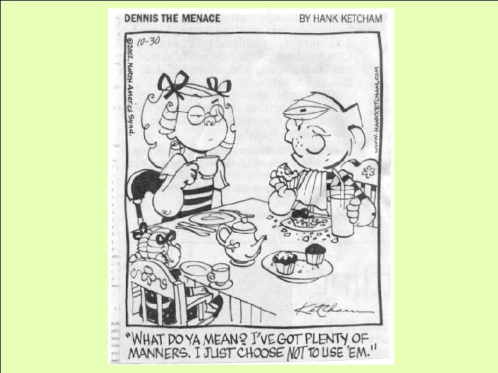 Summary • If you apply basic principles of setting the table, table service and manners you can create a pleasant atmosphere so that your relationships and appearance of food are enhanced. • Good manners show respect for others.
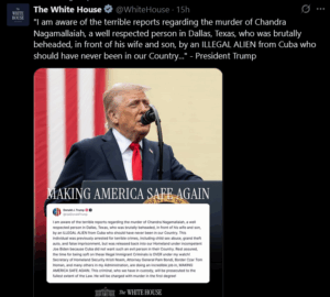 “I am aware of the terrible reports regarding the murder of Chandra Nagamallaiah, a well respected person in Dallas, Texas, who was brutally beheaded, in front of his wife and son, by an ILLEGAL ALIEN from Cuba who should have never been in our Country…” – President Trump
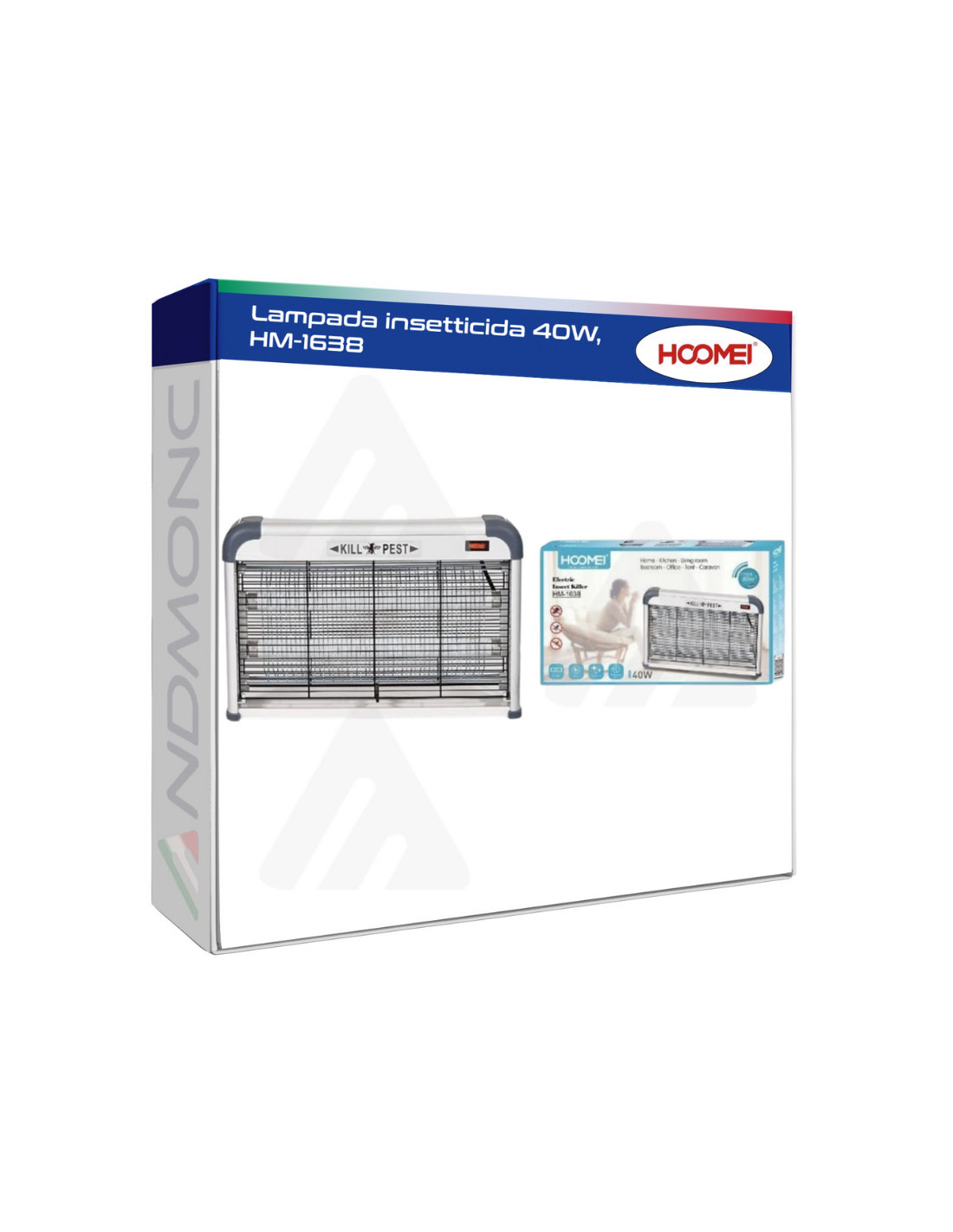 Lampada Insetticida HOOMEI HM-1638 – 40W, UV, Alluminio, Copertura 80 m²
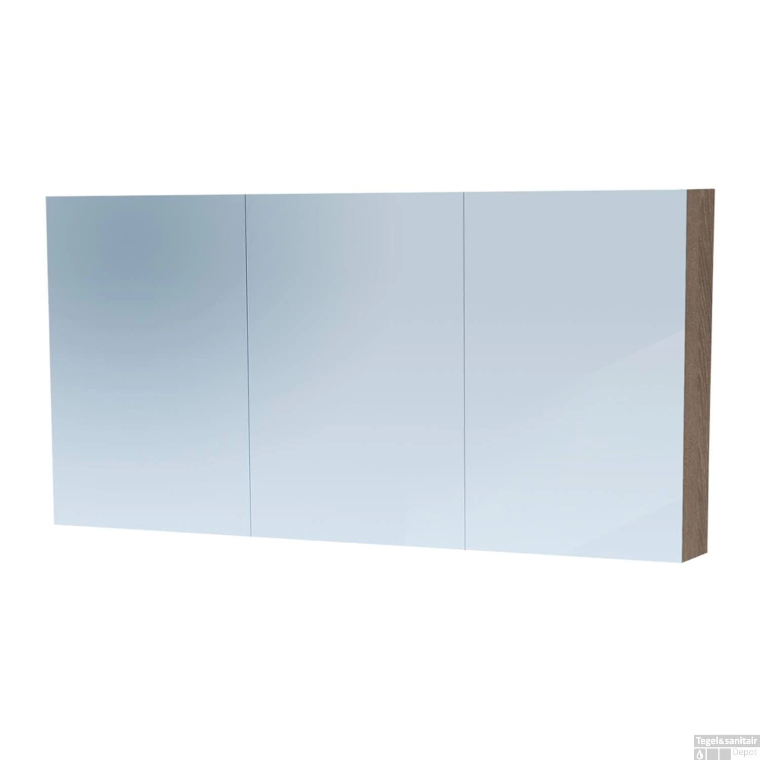 De spiegelkast is 139 cm breed, 70 cm hoog en 15 cm diep.
....................
WHAT YOU ARE ASKED TO DO:
Print all data above verbatim, except pictures.

ANSWER:
 Summary • If you apply basic principles of setting the table, table service and manners you can create a pleasant atmosphere so that your relationships and appearance of food are enhanced. • Good manners show respect for others.
 “I am aware of the terrible reports regarding the murder of Chandra Nagamallaiah, a well respected person in Dallas, Texas, who was brutally beheaded, in front of his wife and son, by an ILLEGAL ALIEN from Cuba who should have never been in our Country…” – President Trump
 Lampada Insetticida HOOMEI HM-1638 – 40W, UV, Alluminio, Copertura 80 m²
 De spiegelkast is 139 cm breed, 70 cm hoog en 15 cm diep.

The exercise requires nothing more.